As described above, according to the present invention, a glassy carbon material coated with a SiC film having excellent thermal shock resistance and oxidation resistance and a method for producing the same are provided. The SiC film-coated glassy carbon material has various heat treatment members used in semiconductor manufacturing, such as a guide ring, a susceptor, a liner tube, a process tube, a wafer boat, a device for pulling a single crystal, and a thermal shock resistance and an oxidation resistance. It can be suitably used as required various heat resistant members.

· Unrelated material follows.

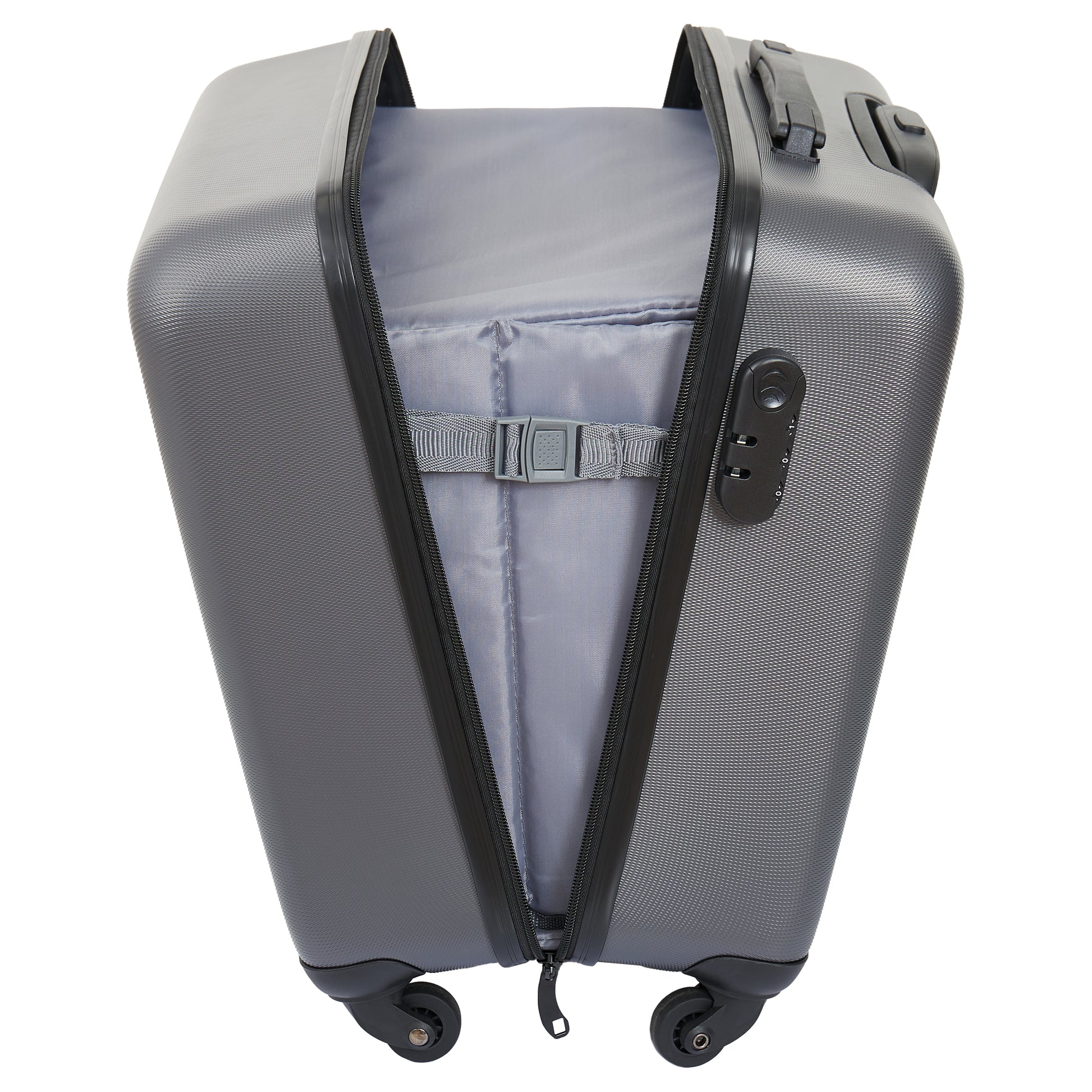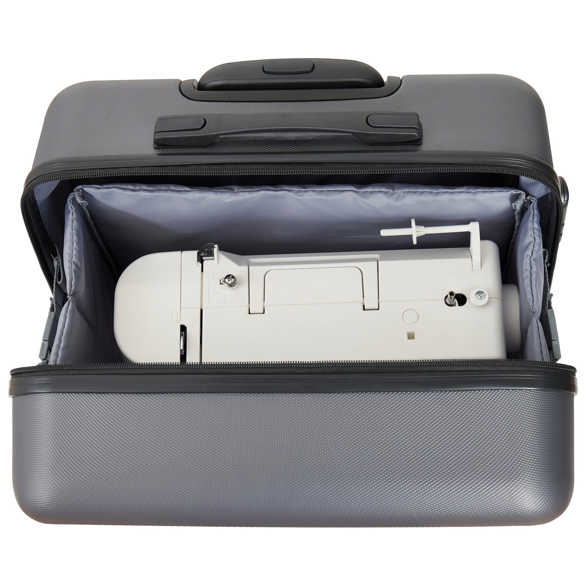 Sewing Machine Trolley Bag in silver colour with a telescoping handle, a lock, inner padding, wooden base and wheels. This sewing machine trolley bag fits all standard sewing machines and it's perfect for anyone who loves to travel. Ideal for storage and easy to carry on everywhere you go. Telescoping handle extends to 89cm. The outer material of this bag is made of high-quality ABS plastic, a water-resistant covering making the bag ideal for protecting your machine and accessories from accidental water damage, both around the home and in classes or during transit. Wide opening design makes it easy to get your sewing machine in and out, also inner padding protects the machine from being damage.

Continued on front page (72) Inventor Kenzo Okamoto 1-3-2 Kitaaoyama, Minato-ku, Tokyo Tokai Carbon Co., Ltd. F-term (reference) 4G032 AA07 AA33 BA00 BA01 GA19 4K030 AA03 AA06 AA09 AA17 BA37 CA01 DA03 FA10 JA01 JA10 JA20 LA11 5F004 BB29 5F045 AB06 EB03 EC05 EM09

Claims (3)

[Claims] 1. Si coated with a SiC film by a CVD method
In a C-film-coated glassy carbon material, X-ray diffraction
The diffraction peak intensity of the SiC (111) crystal plane of the C film is 10
kc. p. s or less, and the diffraction peak intensity of the SiC (111) crystal plane is 80% or more of the diffraction peak intensity of the entire crystal plane (hkl). However, the diffraction peak intensity means that CuKα is X
The source, the tube voltage is 40 kV, the tube current is 20 mA,
This refers to the peak intensity when using a Ni filter, 1 ° for the divergence slit, 1 ° for the scattering slit, and 0.3 mm for the light receiving slit. 2. The glassy carbon material coated with a SiC film according to claim 1, wherein the thickness of the SiC film is 5 to 30 μm. 3. A method of coating a glassy carbon material with a SiC film by vapor-phase pyrolysis of a raw material gas by a CVD method,
The method for producing a glassy carbon material coated with a SiC film according to claim 1 or 2, wherein the gas phase pyrolysis temperature is set to be from 1050 to 1150 ° C.